In Part 1 of this series we gave a detailed explanation of how LNS Research thinks the OEE Formula is best applied to a given asset or production line to both maximize local production efficiency as well as overall supply chain performance. In Part 2 we will go through a fictional example to start applying real numbers to all the OEE Formula terms mentioned previously. Hopefully this will help answer any questions you may have to using our OEE formula in your own plant.
Applying the OEE Formula
To start let's review the complete OEE Formula. Remember, overall equipment effectivess should be thought of as a composite metric that measures a particular assets uptime, production efficiency, and quality. It is best represented as below:
OEE = Availability x Efficiency x Quality
Now let's jump into each term starting with Availability. Based on the LNS Research OEE definition, availability is a measure of how often a particular asset is is running when there is a customer order or safety stock level that requires fulfillment. Based on this understanding we have the following formula:
Availability = Asset Uptime / Asset Scheduled Production Time
Now with this formula established, we can look at some numbers. In our fictional company, let's look at yesterday's performance on Work Center 1, WC1 for short, as our example. WC1 only makes one product, WidgetA, and there is currently a customer backlog for 1000 for WidgetA. WC1 can produce a theoretical maximum of 10 WidgetA/hour based on engineering's best estimate. This means WC1 has been at capacity for the past 24 hours and we will use 24 hours as our Asset Scheduled Production Time. For Asset Uptime we should look at how long WC1 was running. Unfortunately, it wasn't as good a day as we had hoped for. We had a scheduled .5 hours of down time for cleaning, another .5 hours for preventive maintenance, and another .5 hours of start and stop down time for filler head jams. This totaled 1.5 hours of down time or 22.5 hours of uptime. Plugging this into the formula we get:
Avialabiltiy = 22.5 / 24 = .9375
Now let's look at efficiency. As we discussed in the last post, efficiency is a measure of how well an asset is performing while it is operational. Based on this understanding we get the following formula:
Efficiency = Total amount of product produced / (Time asset was available * Theoretical maximum production rate of asset)

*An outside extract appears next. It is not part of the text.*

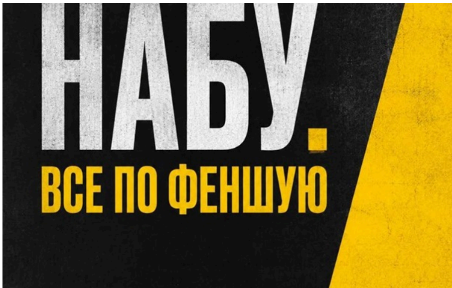
Меми та жарти про "гадалку Єрмака"

"Вероніка Феншуй" давала рекомендації главі Офісу президента щодо кандидатів на топ-посади в уряді.

We already mentioned that WC1 has a theoretical maximum of 10 WidgetA/hour production rate. Fortunately for us, when we were running yesterday the operators were doing a good job and got the production rate very close to the theoretical maximum. For yesterday's production run, WC1 produced 220 WidgetA. Plugging this into the efficiency formula, we find the following:
Efficiency = 220 / (22.5 *10) = .9778
Now let's look at quality. As discussed previously, quality in the LNS Research version of the OEE Formula, can be understood as the percentage of product produced the first time to quality specification. Based on this understanding we get the following formula:
Quality = Total products achieving quality specifications first time / Total products produced
Unfortunately, it looks like WC1 operators may have been sacrificing quality while trying to make up for last downtime with WC1 running so close to its theoretical maximum. There were a lot of errors that required product to be funneled to a rework line and other product that was sent straight to scrap. When the day was over, of the 220 WidgetA that were produced, only 190 hit quality specifications the first time. Plugging this into the formula we find the following:
Quality = 190 / 220 = .8636
Not very good on the quality side. But if we put this all together in the complete OEE Formula, we find it wasn't a very bad day.
OEE = .9375 * .9778 * .8636 = .7916 = 79%
What Does this OEE Example Mean?
Obviously this was a very simplistic example but even in such a simple example it becomes clear that the OEE Formula can be used to tell a story. In the above example, it looks like operators tried to make up for lost down time by pushing WC1 to the brink of capacity and ended up taking a quality hit. Although it wasn't World Class performance, 79% OEE is still a decent run for many industries.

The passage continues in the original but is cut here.